Aunque pueda parecer una reacción exagerada, lo cierto es que en ese entonces Miley todavía cargaba con la imagen pública de la niña buena de Disney. Tenía apenas 18 años y estaba en ese punto extraño entre ser legalmente adulta pero socialmente infantilizada.

La cosa es que Miley no hizo esa broma en un set de grabación, ni durante una rueda de prensa. Fue algo completamente personal, pero como la imagen lo es todo en Hollywood, los ejecutivos de la película decidieron que no era lo suficientemente “apropiada” para estar en una producción familiar y ahí fue cuando entró Selena Gómez a la película.
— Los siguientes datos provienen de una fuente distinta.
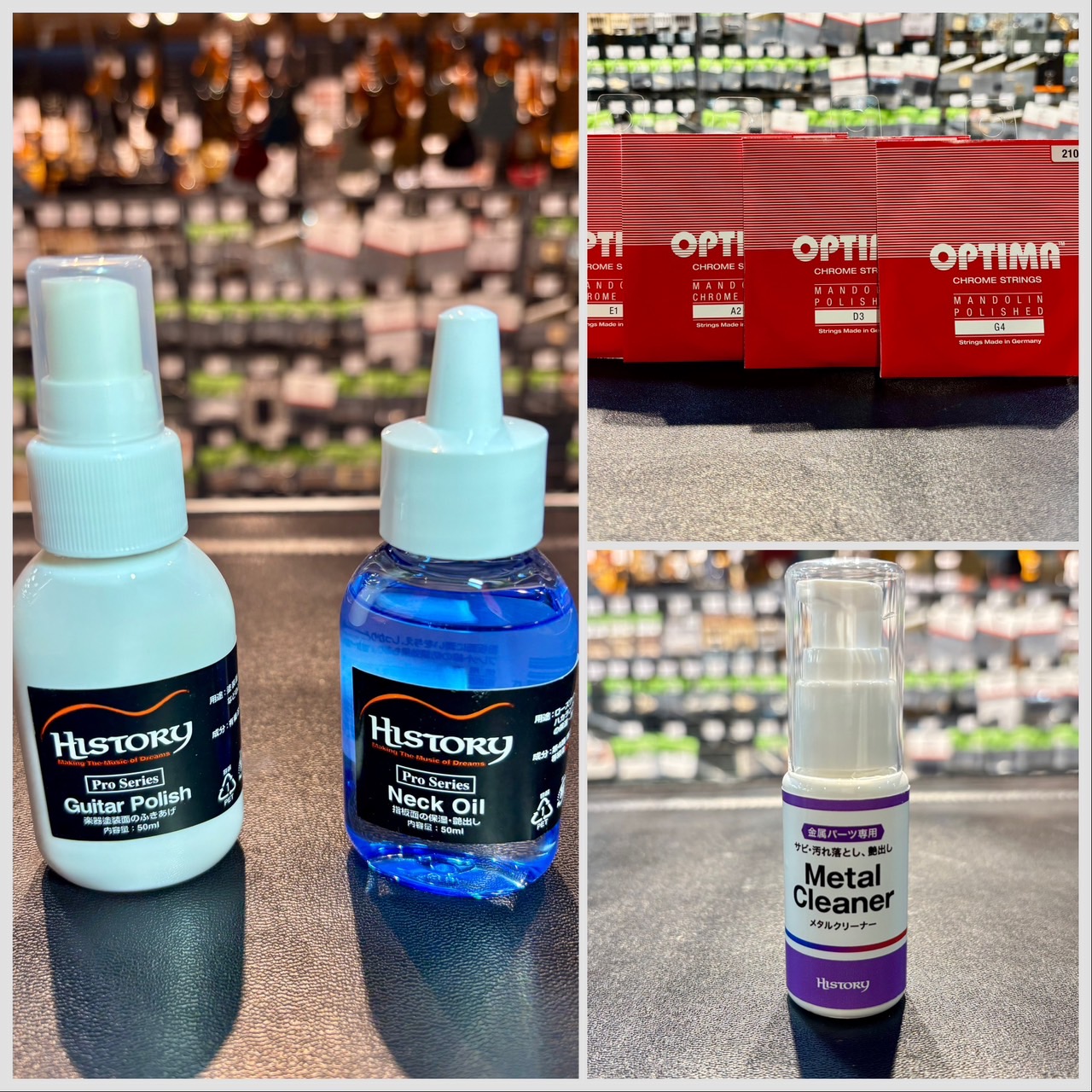 ラウンドマンドリン用弦、ペグワインダー、ニッパー、ドライバー、ラジオペンチ、指板オイル、ポリッシュ、クロス、フレット磨き用プレート、スポンジやすり、メタル・クリーナー、フレット磨き用クロス

“Lo que me pareció ridículo de que me despidieran por un pastel de pene fue que venden pasteles de pene para todas las despedidas de soltera”, dijo. “En Nashville, Tennessee, puedes conseguir esos pasteles. No es para tanto, pensé: ‘Sabes, esto es una broma muy simple, no vulgar, es una tontería’”.

El caso de Miley también dice mucho sobre las expectativas que muchas celebridades enfrentan, especialmente si comenzaron sus carreras siendo niños y más aún si son mujeres. En palabras de la propia Miley:
“Que me despidieran por cosas comunes que hacen las chicas de mi edad… van a despedidas de soltera y a espectáculos de Magic Mike. Pero si yo lo hacía en esa época, ya no era alguien apropiada para jóvenes, aunque eso sucediera en mi vida personal”.
Sí, perdió el papel de Mavis por un pastel, pero también ganó algo que vale más: el poder de reírse de la situación, de señalar lo absurdo que fue y de dejar claro que las mujeres jóvenes no deberían ser juzgadas por las mismas tonterías de siempre.